Differentiation of multipotent human skin-derived precursors towards hepatic stellate cell-like cells for modelling liver fibrosis in vitro

Recently, our group showed that hepatic progenitor-like cells derived from multipotent human skin-derived precursors (hSKPs) are valuable for testing of hepatocyte-specific anti-NASH effects of PPAR agonists. However, advanced NASH is often associated with the development of liver fibrosis, a process in which hepatic stellate cells (HSCs) play a pivotal role. Yet, testing of anti-fibrotic drugs is hampered by a lack of adequate human-relevant preclinical models. Here, we apply a publicly available protocol for generation of HSC-like cells from induced pluripotent stem cells (Coll et al. 2018) on hSKPs to differentiate these cells towards hepatic stellate cell-like cells (hSKP-HSCs). Further, we investigate whether the obtained cells can be activated and if these cells respond to the PPAR-α/δ agonist elafibranor.
According to the protocol of Coll et al., hSKPs were sequentially exposed in vitro to BMP4, FGF1, FGF3 (all 20 ng/ml), retinol (5 µM) and palmitic acid (100 µM) for 12 days, rendering hSKP-HSCs. At the end of the differentiation, hSKP-HSCs were exposed for 24 hours to TGF-β (10 ng/ml) with and without elafibranor at subcytotoxic concentration (30 µM). Expression of HSC markers was measured using RT-qPCR and compared to levels in the commercially available human immortalized hepatic stellate cell line LX-2. Protein expression was evaluated using immunocytochemistry.

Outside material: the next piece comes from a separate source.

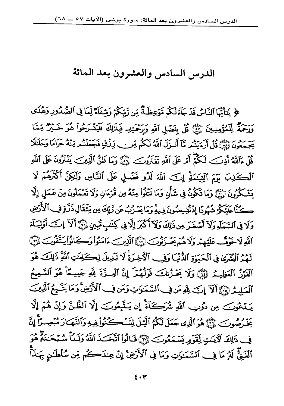 {يَا أَيُّهَا النَّاسُ قَدْ جَاءتْكُم مَّوْعِظَةٌ مِّن رَّبِّكُمْ وَشِفَاء لِّمَا فِي الصُّدُورِ وَهُدًى وَرَحْمَةٌ لِّلْمُؤْمِنِينَ (57) قُلْ بِفَضْلِ اللهِ وَبِرَحْمَتِهِ فَبِذَلِكَ فَلْيَفْرَحُواْ هُوَ خَيْرٌ مِّمَّا يَجْمَعُونَ (58) قُلْ أَرَأَيْتُم مَّا أَنزَلَ اللهُ لَكُم مِّن رِّزْقٍ فَجَعَلْتُم مِّنْهُ حَرَاماً وَحَلاَلاً قُلْ آللهُ أَذِنَ لَكُمْ أَمْ عَلَى اللهِ تَفْتَرُونَ (59) وَمَا ظَنُّ الَّذِينَ يَفْتَرُونَ عَلَى اللهِ الْكَذِبَ يَوْمَ الْقِيَامَةِ إِنَّ اللهَ لَذُو فَضْلٍ عَلَى النَّاسِ وَلَكِنَّ أَكْثَرَهُمْ لاَ يَشْكُرُونَ (60) وَمَا تَكُونُ فِي شَأْنٍ وَمَا تَتْلُو مِنْهُ مِن قُرْآنٍ وَلاَ تَعْمَلُونَ مِنْ عَمَلٍ إِلاَّ كُنَّا عَلَيْكُمْ شُهُوداً إِذْ تُفِيضُونَ فِيهِ وَمَا يَعْزُبُ عَن رَّبِّكَ مِن مِّثْقَالِ ذَرَّةٍ فِي الأَرْضِ وَلاَ فِي السَّمَاء وَلاَ أَصْغَرَ مِن ذَلِكَ وَلا أَكْبَرَ إِلاَّ فِي كِتَابٍ مُّبِينٍ (61) أَلا إِنَّ أَوْلِيَاء اللهِ لاَ خَوْفٌ عَلَيْهِمْ وَلاَ هُمْ يَحْزَنُونَ (62) الَّذِينَ آمَنُواْ وَكَانُواْ يَتَّقُونَ (63) لَهُمُ الْبُشْرَى فِي الْحَياةِ الدُّنْيَا وَفِي الآخِرَةِ لاَ تَبْدِيلَ لِكَلِمَاتِ اللهِ ذَلِكَ هُوَ الْفَوْزُ الْعَظِيمُ (64) وَلاَ يَحْزُنكَ قَوْلُهُمْ إِنَّ الْعِزَّةَ لِلّهِ جَمِيعاً هُوَ السَّمِيعُ الْعَلِيمُ (65) أَلا إِنَّ لِلّهِ مَن فِي السَّمَاوَات وَمَن فِي الأَرْضِ وَمَا يَتَّبِعُ الَّذِينَ يَدْعُونَ مِن دُونِ اللهِ شُرَكَاء إِن يَتَّبِعُونَ إِلاَّ الظَّنَّ وَإِنْ هُمْ إِلاَّ يَخْرُصُونَ (66) هُوَ الَّذِي جَعَلَ لَكُمُ اللَّيْلَ لِتَسْكُنُواْ فِيهِ وَالنَّهَارَ مُبْصِراً إِنَّ فِي ذَلِكَ لآيَاتٍ لِّقَوْمٍ يَسْمَعُونَ (67) قَالُواْ اتَّخَذَ اللهُ وَلَداً سُبْحَانَهُ هُوَ الْغَنِيُّ لَهُ مَا فِي السَّمَاوَات وَمَا فِي الأَرْضِ إِنْ عِندَكُم مِّن سُلْطَانٍ بِهَذَا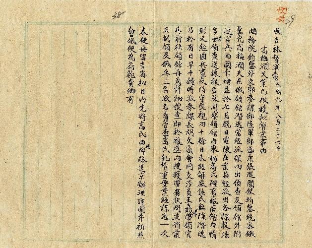 吉林督軍(民國09年08月)。[件名:高梅闊夫業已被獲擬解京事]。《數位典藏與數位學習聯合目錄》。http://catalog.digitalarchives.tw/item/00/0a/32/e8.html(2025/05/20瀏覽)。

Differentiation results in star-shaped cells and upregulation of the submesothelial HSC-progenitor marker ALCAM and also of key genes involved in intermediate filament formation (DES) and vitamin A metabolism (LRAT) to levels approaching or exceeding those in LX-2 cells. In addition, hSKP-HSCs express PDGFRβ, a membrane marker of HSCs. Activation of hSKP-HSCs by TGF-β could be demonstrated by upregulation of pro-fibrotic genes ACTA2, COL1A1 and LOXL2. As proof-of-principle, concomitant exposure to elafibranor leads to repression of the aforementioned genes.
In conclusion, hSKPs hold potential to differentiate towards HSC-like cells, expressing specific HSC markers. Upregulation of activation markers upon exposure to TGF-β indicates that hSKP-HSCs respond to pro-fibrotic stimuli. Furthermore, the activated hSKP-HSCs respond to elafibranor, suggesting future possibilities for preclinical drug testing. Nevertheless, further in-depth characterization of hSKP-HSCs is necessary.